This is a question that also interests me. I've been thrown into a lot of data sciencey work this year with learning analytics data from MOOCs - so far mostly cleaning and organizing, graphing etc, but we're moving into more machine learning, inference etc. I have a poor math background, but eager to learn, so while I've done most of the practical work in R and now Python with Pandas, I am playing with things like Learn Math, Logic and Computer Science with Haskell (also Think Stats and Think Bayes with Python).

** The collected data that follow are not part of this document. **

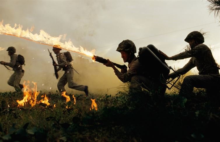 Marine infantry in Taiwan practice using flame throwers in a simulated battle, January 1969.
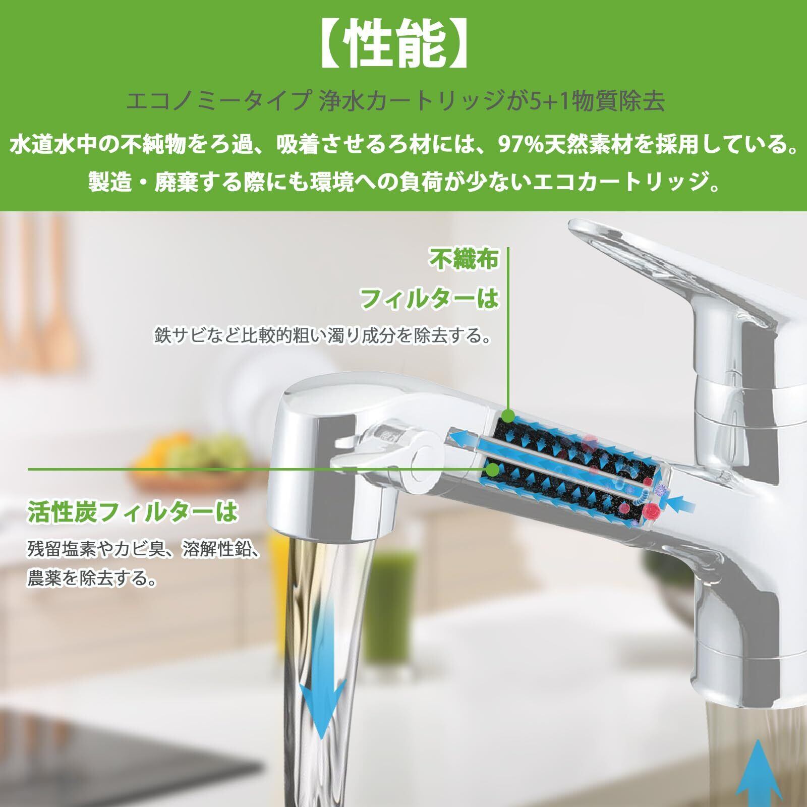 ●エコノミータイプ 浄水カートリッジが5+1物質除去。不織布フィルターは鉄サビなど比較的粗い濁り成分を除去する。
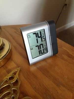 La lectura exterior es mayor que el interior de la lectura porque el transmisor no está todavía montado en el exterior de la casa. Más bien, es en una mesa de comedor bajo algunas luces incandescentes donde he estado trabajando en este proyecto. Lo que queda por hacer es ejecutar el cable del altavoz a través de la grieta en la puerta de lado y grapa cuidadosamente en su lugar. Entonces necesito para montar el transmisor bajo el alero de la casa y de la soldadura de los extremos del cable del altavoz a las tiras de latón. Necesito presionar el reset en ambas unidades y entonces todo debería estar bien. (Si perdemos energía a nuestra casa, necesitaré seguir el proceso de reset otra vez).

I would love to see a more mature package with IHaskell, easy access to graphing, and a nice Pandas/data.table like library, and a set of statistics tutorials written around them, where you are basically learning statistics/probability at the same time as using the language. (I found this paper on functional probabilistic programming in Haskell very fascinating - the idea of using a Monad to wrap distributions, uncertainty levels etc around numbers seems very powerful http://web.engr.oregonstate.edu/~erwig/papers/PFP_JFP06.pdf)

-----


I've done most of my practical work in Python, recently picked up Pandas (and am starting to increasingly grow fond of the ggplot port to Python and some of the R packages that I find make ridiculously complicated things as simple as they should be.) Thanks also for the link to the paper.

-----


I don't have any experience with Haskell, for data science or otherwise, but have been using Clojure a bit for such purposes.

The code I write is mainly for machine learning and natural language processing with "big data". Some of the libraries that I've found useful are:

1) clojure.core.reducers 2) core.match 3) incanter (lots of statistics-related stuff. Comparable to R, perhaps.)

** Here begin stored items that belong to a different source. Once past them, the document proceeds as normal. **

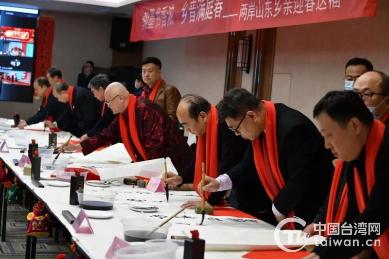 中國(guó)臺(tái)灣網(wǎng)1月14日訊 金牛俯首辭舊歲,瑞虎騰躍迎新春。1月12日,來(lái)自山東濟(jì)南與臺(tái)灣臺(tái)北市、基隆市的鄉(xiāng)親們?cè)凇霸贫恕睔g聚一堂,憶鄉(xiāng)愁、敘鄉(xiāng)情、話發(fā)展,共同舉辦“翰墨書香濃,鄉(xiāng)音滿庭春”兩岸山東鄉(xiāng)親迎春送;顒(dòng)。
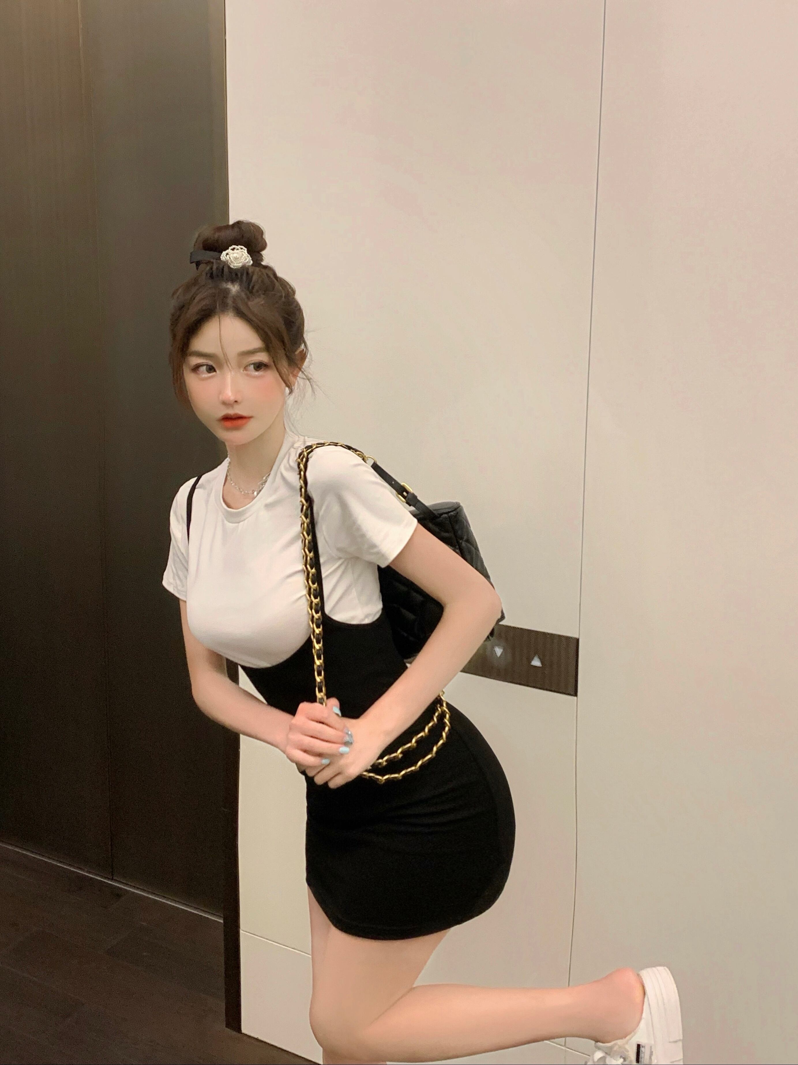 セット スリム半袖スリーブスカート ウェスト ショート ハーフスリーブ 大人ガーリー スウィート キュート カジュアル セブンプリンセス80305990556
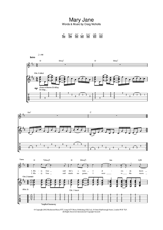 Digital Sheet Music for Mary Jane by The Vines scored for Guitar Tab; id:377662
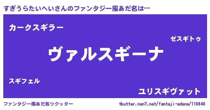 | 男性向けラノベタイトル風あだ名 | 『魔弾の王とすぎうらたいへい』 |
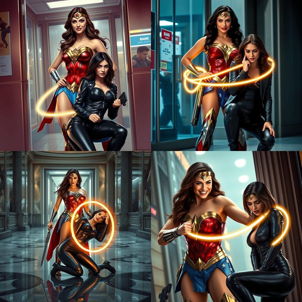 This image shows Wonder Woman thwarting a bank robbery with her Lasso of Truth. A captured spy in a black leather outfit looks shocked as the lasso coils around her.
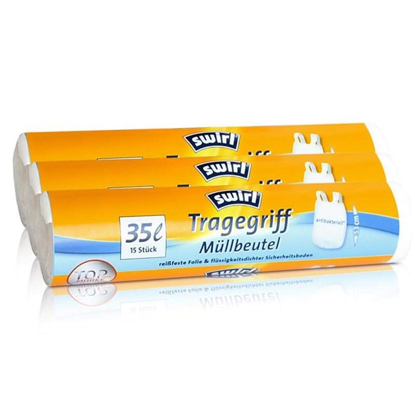3 x Swirl Carry Handle Bin Liners 35 L (Pack of 15/Roll)
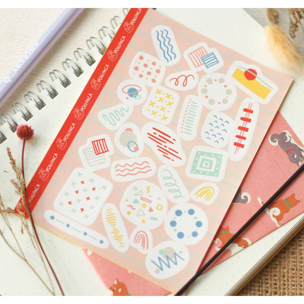 Sticker dengan ilustrasi cute aesthetic aneka bentuk abstrak yang cocok untuk DIY Journal, Planner, menghias cover buku, dan lain-lain karena sticker bersifat waterproof sehingga bisa ditempel dimanapun sesuai kreasi.

Clojure handles XML, JSON, and YAML very nicely as well. Then you have Cascalog to run map reduce jobs without writing mappers and reducers explicitly. There's also Marceline, which is to Storm/Trident as Cascalog is to Hadoop/Cascading.

There are also libraries for serialization like data.fressian, matrix math like core.matrix. Prismatic had also open sourced three really excellent libraries that are useful for data processing.

-----


I am currently in Learning phase of DATA Science. I have used R(More Proficient) and Python extensively for my Current Data Science Projects. Well i can say R is more of a functional language than one would think, but it's certainly not a great general purpose language. So as of now I have used R as Functional Programming For Descriptive analysis and on top of it used python for Making Data Science/Analytics Application, but aging there is a library name "Shiny" Which makes R programmer to make web App so easy as writting code for Descriptive analysis in R. And i am also interested in getting finger tight with Haskell and Julia.

-----


There is a package lambda.r (http://cran.r-project.org/web/packages/lambda.r/index.html) for the statistical computing environment R that implements functional programming paradigms. R is not a strict functional language, though. The package author plans to publish a book on this topic, see http://cartesianfaith.com/2013/09/21/preview-of-my-book-mode...

-----


I'm a proficient Haskell user with some experience writing Haskell data science code. I also have experience doing the same in Clojure, though it's about 2 years out of date. I'll begin with Haskell then compare.

---

I find that purity is a valuable feature of Haskell but, more so than with other code, I feel a big divide between current practice data science and pure functional code.

Haskell has a strong base of financial code which is usually unavailable publicly, but it does lead to a lot of blog posts and commentary describing how you can build highly efficient, powerful streaming systems in Haskell which interact with Excel. This is largely true as laziness tends to put people in a streaming mindset quite easily. Finally, there's a big push in the pipes/conduits camps to reify streaming as a first class action which can be manipulated easily. I'm a big fan of pipes—I think it's completely unreplicated anywhere else.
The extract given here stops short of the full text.